# Putters milled vs insert



## Captain_Black (Oct 31, 2012)

My putting is pretty hopeless at the moment.
I have tried loads of different putters & come to the conclusion that I prefer a mallet type which places my eyes over the ball.

One thing I have noticed when trying different putters, is how the ball tends to ping off the face of a plain faced putter giving me inconsistent distance control.
I seem to get a more consistent strike with a insert putter, but then there is the hardness or softness of the insert to consider.
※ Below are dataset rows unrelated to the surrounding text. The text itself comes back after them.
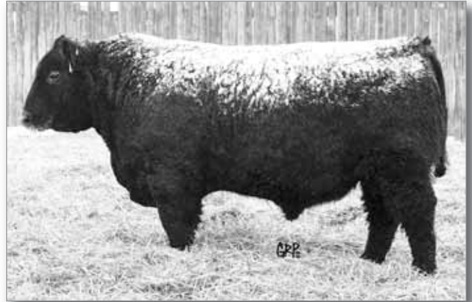
LOT 78 - BROOKMORE BOND 52X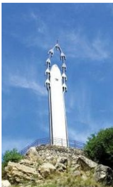
The first monument to “White Cranes” in Gunib, Dagestan (was opened in 1985)

"It seems to me sometimes that our soldiers Who were not to return from fields of gore Did not one day lie down into our land But turned into a skein (wedge) of white cranes..."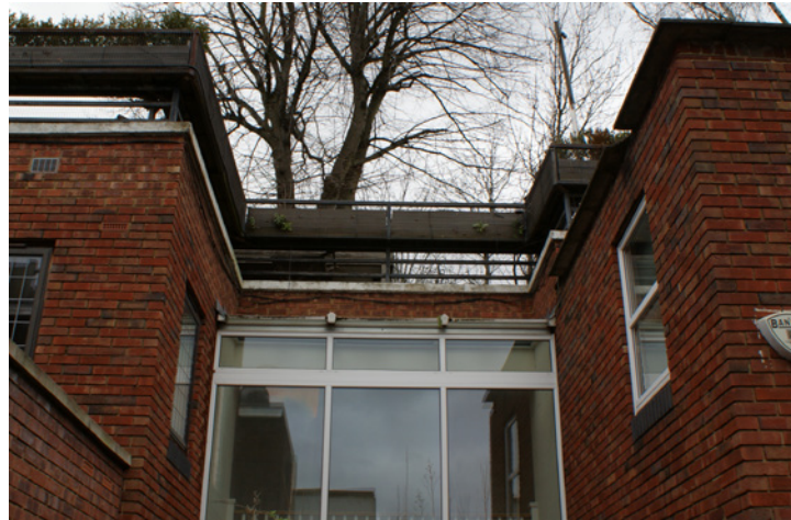
Glazing above Door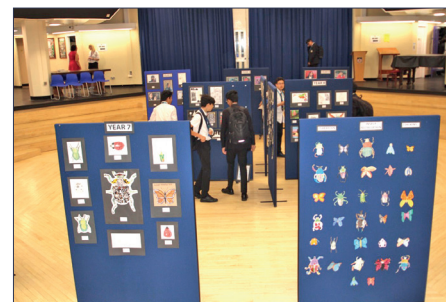
KS3 students' artwork on display in the Main Hall during Art Week.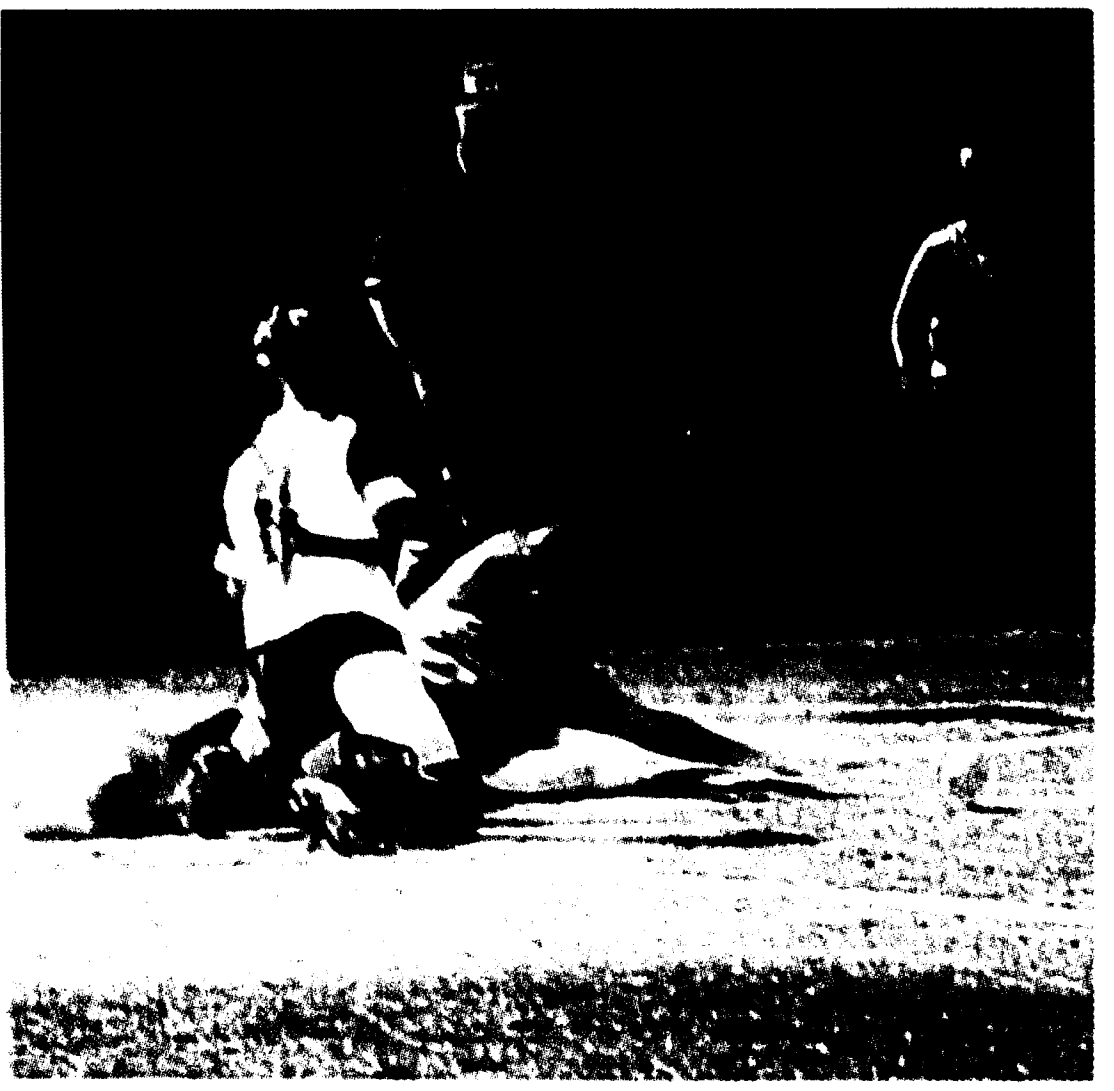
Captain Cheryl Peterson lays it all out for a hard earned run.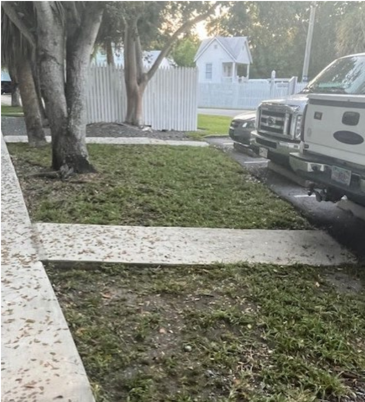
Outside #4 Kestral

I know the type of putter I like, but I just can't seem to find one that just feels right, I am considering buying a plain faced mallet type putter that I like the feel of & then possibly glueing different grades of insert to the face, until I find the type of feel that just feels right.

Discuss.


----------



## DelB (Oct 31, 2012)

I prefer a mallet style putter and, up until this year, used an Odyssey Sabertooth with their standard elastomer insert. Was fine in the summer, but really difficult to gauge distance in the winter when you needed to give the ball a good 'dunt' on soft, wet greens. Changed this Spring to a Mizuno Line 90 Krakatoa, which is not dissimilar to the Sabertooth in terms of shape, but has a lovely milled face and I find it much easier to gauge distance control with it. :thup:


----------



## JustOne (Oct 31, 2012)

Captain_Black said:



			One thing I have noticed when trying different putters, is how the ball tends to ping off the face of a plain faced putter giving me inconsistent distance control.
		
Click to expand...

I find it pings off an insert more and that I have to 'hit' a plain faced putter.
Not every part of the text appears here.